Most tourists pass through Puerto Maldonado briefly on their way to national reserves and jungle lodges in the surrounding region. The heat, the incessant mototaxis, and the rough-around-the-edges nature of Puerto Maldonado certainly won't appeal to everyone, but the city is brimming with jungle-settlement quirkiness and a few interesting sights.
Sitting on the confluence of the Tambopata and Madre de Dios rivers, Puerto Maldonado serves as a starting point for voyages on both rivers, and for tours into the nearby Tambopata National Reserve and the more distant Manu National Park. The surrounding area is also home to numerous jungle lodges (including the Inkaterra Reserva Amazonica), many of which are just a few hours boat ride from the city.
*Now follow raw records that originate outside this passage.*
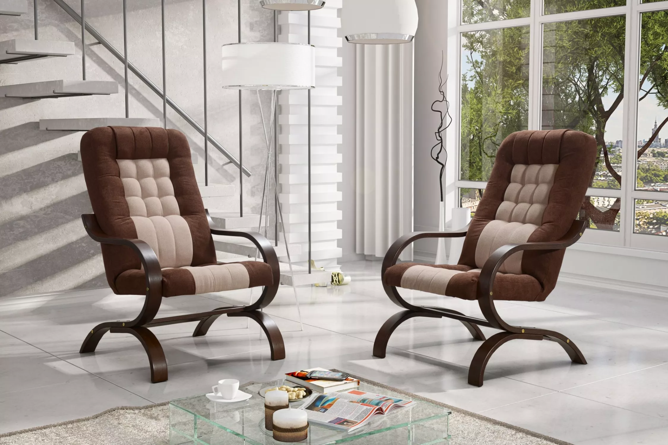 Čalouněné křeslo INGRIDA - hnědé / béžové / ořech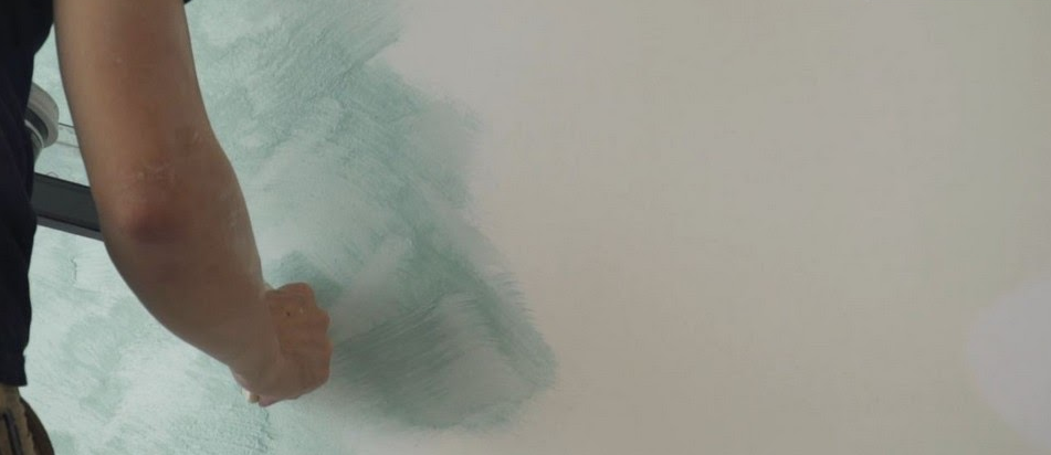 油掃要先從墻面邊角開始,以十字交叉的手法掃出紋路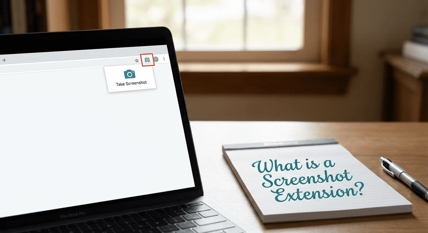Browser window showing a screenshot extension icon with 'Take Screenshot' tooltip, next to a notepad asking 'What is a Screenshot Extension?'

If you don't have either the time or the money for a full jungle tour, you can base yourself in Puerto Maldonado and explore the area from the local dock. Most tour operators offer day trips to Lake Sandoval, involving a short boat ride down the Madre de Dios River and a trek to the lake itself. With a little luck, you might see parrots, macaws, monkeys, caimans and perhaps a giant otter.
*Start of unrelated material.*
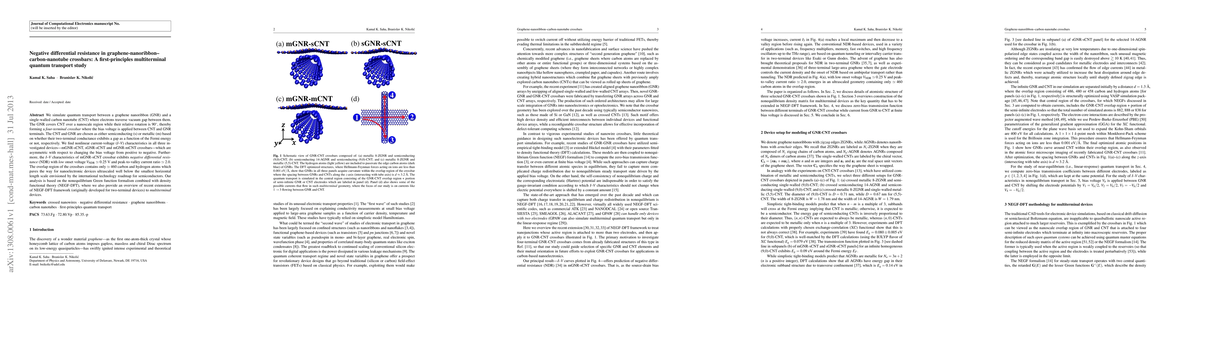 We simulate quantum transport between a graphene nanoribbon (GNR) and a single-walled carbon nanotube (CNT) where electrons traverse vacuum gap between them. The GNR covers CNT over a nanoscale region while their relative rotation is 90 degrees, thereby forming a four-terminal crossbar where the bias voltage is applied between CNT and GNR terminals. The CNT and GNR are chosen as either semiconducting (s) or metallic (m) based on whether their two-terminal conductance exhibits a gap as a function of the Fermi energy or not, respectively. We find nonlinear current-voltage (I-V) characteristics in all three investigated devices---mGNR-sCNT, sGNR-sCNT and mGNR-mCNT crossbars---which are asymmetric with respect to changing the bias voltage from positive to negative. Furthermore, the I-V characteristics of mGNR-sCNT crossbar exhibits negative differential resistance (NDR) with low onset voltage $V_\mathrm{NDR} \simeq 0.25$ V and peak-to-valley current ratio $\simeq 2.0$. The overlap region of the crossbars contains only $\simeq 460$ carbon and hydrogen atoms which paves the way for nanoelectronic devices ultrascaled well below the smallest horizontal length scale envisioned by the international technology roadmap for semiconductors. Our analysis is based on the nonequilibrium Green function formalism combined with density functional theory (NEGF-DFT), where we also provide an overview of recent extensions of NEGF-DFT framework (originally developed for two-terminal devices) to multiterminal devices.

For butterfly spotting, you don't even need to leave the city: The small but interesting Butterfly House is located near the airport. Other reasons to explore Puerto Maldonado include the pretty Plaza de Armas, the rather ugly Obelisco (a 147-ft-/45-m-high tower and lookout point), and the city's nightlife, which is vibrant but not for the faint-hearted (informal miners and dockworkers make for interesting drinking companions).